> Required action
Range to reproduce from the entries below: the line with "This is a nice", the line with "Each shelf has", and every line in between. Give them exactly and give nothing else.

[Recorded information — start]

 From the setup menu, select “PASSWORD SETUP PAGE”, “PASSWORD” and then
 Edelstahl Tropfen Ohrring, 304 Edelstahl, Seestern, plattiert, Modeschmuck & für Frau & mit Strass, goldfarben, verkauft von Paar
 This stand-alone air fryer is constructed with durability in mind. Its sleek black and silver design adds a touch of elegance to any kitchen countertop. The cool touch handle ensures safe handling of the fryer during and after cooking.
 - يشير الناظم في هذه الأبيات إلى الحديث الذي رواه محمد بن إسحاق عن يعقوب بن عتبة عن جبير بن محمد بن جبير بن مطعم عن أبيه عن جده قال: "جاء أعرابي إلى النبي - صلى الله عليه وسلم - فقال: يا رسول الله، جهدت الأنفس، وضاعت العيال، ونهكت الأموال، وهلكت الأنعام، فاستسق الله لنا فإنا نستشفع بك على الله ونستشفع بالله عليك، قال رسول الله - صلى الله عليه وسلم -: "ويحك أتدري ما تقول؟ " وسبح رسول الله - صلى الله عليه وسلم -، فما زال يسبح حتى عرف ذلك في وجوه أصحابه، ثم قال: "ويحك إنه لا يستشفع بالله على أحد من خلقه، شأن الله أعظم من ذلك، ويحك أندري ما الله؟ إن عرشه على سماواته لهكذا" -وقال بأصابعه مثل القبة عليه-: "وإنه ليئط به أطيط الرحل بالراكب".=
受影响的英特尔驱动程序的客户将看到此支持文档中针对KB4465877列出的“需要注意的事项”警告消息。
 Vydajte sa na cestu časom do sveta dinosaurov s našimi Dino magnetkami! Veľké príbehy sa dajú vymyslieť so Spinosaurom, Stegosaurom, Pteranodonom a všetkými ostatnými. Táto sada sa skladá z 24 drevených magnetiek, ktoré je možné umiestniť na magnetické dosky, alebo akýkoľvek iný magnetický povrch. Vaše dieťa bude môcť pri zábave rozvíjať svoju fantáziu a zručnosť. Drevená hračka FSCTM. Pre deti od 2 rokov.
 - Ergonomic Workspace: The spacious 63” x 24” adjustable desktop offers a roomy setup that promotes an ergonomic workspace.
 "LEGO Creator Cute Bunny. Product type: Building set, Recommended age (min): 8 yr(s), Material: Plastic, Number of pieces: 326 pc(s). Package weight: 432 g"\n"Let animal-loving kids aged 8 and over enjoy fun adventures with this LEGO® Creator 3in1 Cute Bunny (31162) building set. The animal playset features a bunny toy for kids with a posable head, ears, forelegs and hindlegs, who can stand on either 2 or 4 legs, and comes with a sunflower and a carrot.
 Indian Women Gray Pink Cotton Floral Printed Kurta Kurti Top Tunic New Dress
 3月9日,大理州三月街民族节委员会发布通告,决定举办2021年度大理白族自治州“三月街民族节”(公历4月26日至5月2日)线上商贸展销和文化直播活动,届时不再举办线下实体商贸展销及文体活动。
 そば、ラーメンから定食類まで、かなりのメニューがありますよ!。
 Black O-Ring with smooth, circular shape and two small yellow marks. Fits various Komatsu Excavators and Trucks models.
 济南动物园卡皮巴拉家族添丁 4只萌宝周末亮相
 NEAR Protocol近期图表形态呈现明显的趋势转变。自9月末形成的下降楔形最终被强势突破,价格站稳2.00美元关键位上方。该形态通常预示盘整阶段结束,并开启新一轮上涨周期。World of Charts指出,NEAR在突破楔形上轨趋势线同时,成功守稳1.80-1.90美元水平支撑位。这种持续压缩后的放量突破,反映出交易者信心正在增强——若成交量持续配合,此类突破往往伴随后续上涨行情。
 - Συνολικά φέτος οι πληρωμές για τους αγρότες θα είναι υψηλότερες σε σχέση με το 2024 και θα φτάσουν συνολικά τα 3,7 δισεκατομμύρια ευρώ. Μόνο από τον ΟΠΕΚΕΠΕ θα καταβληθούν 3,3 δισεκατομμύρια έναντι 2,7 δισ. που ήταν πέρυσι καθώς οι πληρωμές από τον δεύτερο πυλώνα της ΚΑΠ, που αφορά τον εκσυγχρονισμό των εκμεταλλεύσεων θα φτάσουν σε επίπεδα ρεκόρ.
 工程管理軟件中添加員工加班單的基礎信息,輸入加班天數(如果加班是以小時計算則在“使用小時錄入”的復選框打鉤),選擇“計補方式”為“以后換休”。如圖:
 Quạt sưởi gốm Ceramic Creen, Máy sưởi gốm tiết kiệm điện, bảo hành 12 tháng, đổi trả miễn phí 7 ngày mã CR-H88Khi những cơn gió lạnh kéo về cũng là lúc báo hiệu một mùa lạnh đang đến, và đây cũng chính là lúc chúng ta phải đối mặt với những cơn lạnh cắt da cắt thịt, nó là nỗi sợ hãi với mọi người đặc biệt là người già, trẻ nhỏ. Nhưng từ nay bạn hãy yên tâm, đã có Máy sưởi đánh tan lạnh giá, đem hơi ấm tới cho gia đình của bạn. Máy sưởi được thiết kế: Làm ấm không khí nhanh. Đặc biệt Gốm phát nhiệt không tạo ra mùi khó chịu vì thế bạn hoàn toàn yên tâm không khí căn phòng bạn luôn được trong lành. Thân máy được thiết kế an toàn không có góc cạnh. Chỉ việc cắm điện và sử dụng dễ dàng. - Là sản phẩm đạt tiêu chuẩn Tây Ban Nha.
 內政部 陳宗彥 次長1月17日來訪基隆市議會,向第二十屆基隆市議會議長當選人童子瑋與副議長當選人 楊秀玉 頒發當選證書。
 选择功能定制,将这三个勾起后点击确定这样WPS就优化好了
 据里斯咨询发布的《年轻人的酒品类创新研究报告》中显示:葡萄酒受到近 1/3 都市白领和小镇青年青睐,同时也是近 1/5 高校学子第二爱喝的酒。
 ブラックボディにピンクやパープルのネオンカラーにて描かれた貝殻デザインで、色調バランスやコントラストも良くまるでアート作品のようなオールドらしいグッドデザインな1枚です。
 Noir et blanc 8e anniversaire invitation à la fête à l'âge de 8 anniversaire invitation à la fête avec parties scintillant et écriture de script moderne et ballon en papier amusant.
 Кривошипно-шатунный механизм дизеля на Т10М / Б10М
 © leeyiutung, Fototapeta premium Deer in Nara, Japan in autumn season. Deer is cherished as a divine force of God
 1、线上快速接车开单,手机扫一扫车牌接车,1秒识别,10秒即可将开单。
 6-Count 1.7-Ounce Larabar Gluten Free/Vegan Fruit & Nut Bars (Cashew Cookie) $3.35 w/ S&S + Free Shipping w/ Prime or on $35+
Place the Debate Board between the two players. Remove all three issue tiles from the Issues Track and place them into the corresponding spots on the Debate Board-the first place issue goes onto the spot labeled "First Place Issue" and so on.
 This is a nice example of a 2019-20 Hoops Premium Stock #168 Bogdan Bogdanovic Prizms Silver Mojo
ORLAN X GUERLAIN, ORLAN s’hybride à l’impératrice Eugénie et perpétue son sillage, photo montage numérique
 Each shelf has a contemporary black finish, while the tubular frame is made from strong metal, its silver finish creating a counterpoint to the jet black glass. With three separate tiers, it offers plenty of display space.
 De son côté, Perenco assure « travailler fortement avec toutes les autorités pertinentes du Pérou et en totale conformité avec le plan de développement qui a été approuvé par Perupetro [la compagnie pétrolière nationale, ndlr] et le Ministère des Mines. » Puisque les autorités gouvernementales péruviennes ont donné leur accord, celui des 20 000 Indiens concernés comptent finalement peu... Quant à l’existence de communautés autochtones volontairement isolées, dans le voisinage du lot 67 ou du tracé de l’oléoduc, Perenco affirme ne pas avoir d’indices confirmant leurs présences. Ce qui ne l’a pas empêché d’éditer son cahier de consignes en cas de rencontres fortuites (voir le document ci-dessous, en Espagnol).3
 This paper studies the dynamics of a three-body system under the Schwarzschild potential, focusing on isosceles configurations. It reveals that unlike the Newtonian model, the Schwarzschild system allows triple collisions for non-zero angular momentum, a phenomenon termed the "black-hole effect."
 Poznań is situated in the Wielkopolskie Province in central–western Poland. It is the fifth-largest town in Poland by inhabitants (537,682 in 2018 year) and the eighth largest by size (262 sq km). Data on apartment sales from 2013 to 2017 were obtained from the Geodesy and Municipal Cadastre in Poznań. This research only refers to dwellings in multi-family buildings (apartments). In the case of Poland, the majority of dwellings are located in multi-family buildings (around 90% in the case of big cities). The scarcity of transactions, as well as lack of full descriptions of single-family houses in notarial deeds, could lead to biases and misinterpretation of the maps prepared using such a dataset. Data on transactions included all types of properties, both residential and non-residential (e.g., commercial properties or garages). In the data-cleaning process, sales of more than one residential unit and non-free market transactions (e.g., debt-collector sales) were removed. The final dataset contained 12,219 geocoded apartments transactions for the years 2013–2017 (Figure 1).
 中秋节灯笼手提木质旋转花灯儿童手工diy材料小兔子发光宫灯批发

[Recorded information — finish]

> Your response
 This is a nice example of a 2019-20 Hoops Premium Stock #168 Bogdan Bogdanovic Prizms Silver Mojo
ORLAN X GUERLAIN, ORLAN s’hybride à l’impératrice Eugénie et perpétue son sillage, photo montage numérique
 Each shelf has a contemporary black finish, while the tubular frame is made from strong metal, its silver finish creating a counterpoint to the jet black glass. With three separate tiers, it offers plenty of display space.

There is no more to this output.